Structure and committees
Board of Directors
The Board of Directors comprises 9 Directors, including 4 non-executive Directors, 3 non-executive and independent Directors within the meaning of Article 7:87 §1 of the CSA and the 2020 Code, 1 non-executive Director representing shareholder Aedifica, and 1 executive Director (member of the Executive Committee representing shareholder Aedifica). The Board meets at least 8 times a year.
Its role:
- Decides the company's strategic directions
- Actively oversees the quality of management and its compliance with the strategy
- Examines the quality of the information given to investors and the public
- Incorporates the risks and opportunities associated with climate change into the global strategy
- Provides the company's entrepreneurial leadership
Audit Committee
The Audit Committee comprises 3 Directors, including 2 non-executive Directors and 1 non-executive independent Director within the meaning of Article 7:87 §1 of the CSA and the 2020 Code. The Director representing shareholder Aedifica attends meetings as an observer. The members of this Committee have a collective competence in the company's sector of activity. At least 1 member is competent in accounting and auditing. The Audit Committee assists the Board of Directors with regard to the independence of the auditor and the auditor's independence regarding:
- The process of preparing financial and non-financial information
- The effectiveness of the company's internal control and risk management mechanisms
- The internal audit and its effectiveness
- The legal audit of the annual and consolidated accounts
External Audit
- The General Meeting appointed KPMG, Company auditors certified by the FSMA and represented by Mr Jean-François Kupper, Auditor, to carry out external audits of Cofinimmo's business. Their role is to certify the annual accounts and review the half-yearly accounts, as for any limited liability company.

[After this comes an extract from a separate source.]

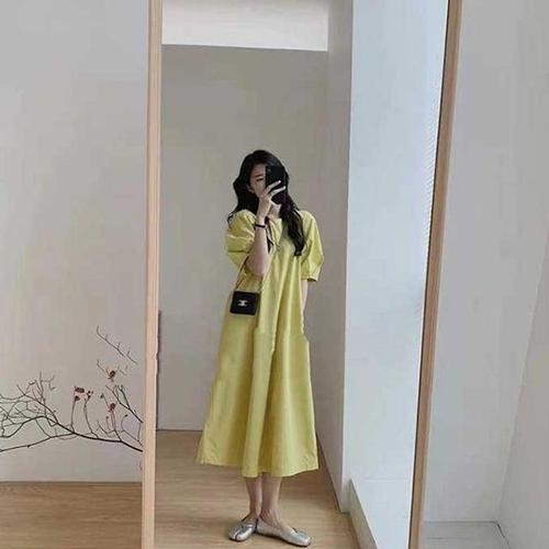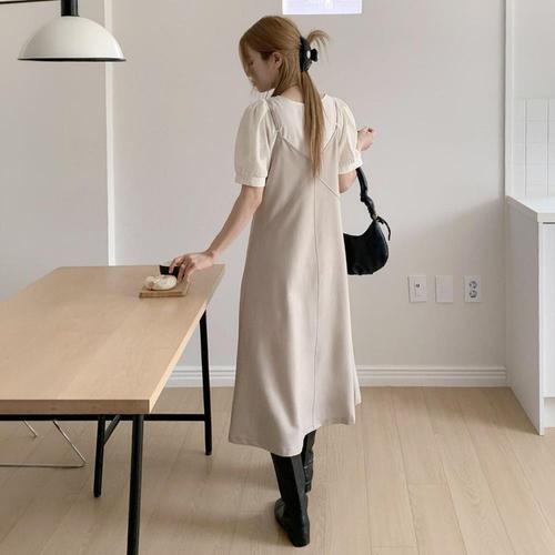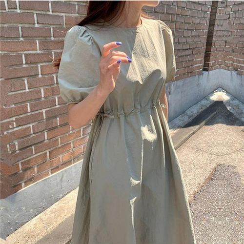 [옷자락]여성 여름 캐주얼 퍼프소매 롱드레스

- Cofinimmo, being an RREC, the company auditors also prepare special reports at the request of the Financial Services and Markets Authority (FSMA).
Nomination, Remuneration and Corporate Governance Committee
The Nomination, Remuneration and Corporate Governance Committee comprises 4 Directors, including 2 independent Directors within the meaning of Article 7:87 §1 of the CSA and the 2020 Code, and 2 non-executive Directors. The Director representing shareholder Aedifica attends meetings as an observer. This Committee advises and assists the Board of Directors on all issues relating to:
- The composition of the Board of Directors, its Committees and the Executive Committee
- The selection, evaluation and appointment of the members of the Board of Directors and the Executive Committee
- The remuneration policy for the members of the Board of Directors and the Executive Committee
- Corporate Governance
Executive committee
The Executive Committee consists of 4 members. Besides the chairwoman, Mrs Yeliz Bicici (COO), it consists of 3 other members who may or may not be Directors. The Executive Committee is responsible for the company's day-to-day management and has been given special powers by the Board of Directors. The Executive Committee acts as a collegial body to ensure the effective implementation of organisational strategy. It meets in principle every week, and each member is individually responsible for the operational and functional tasks assigned to them.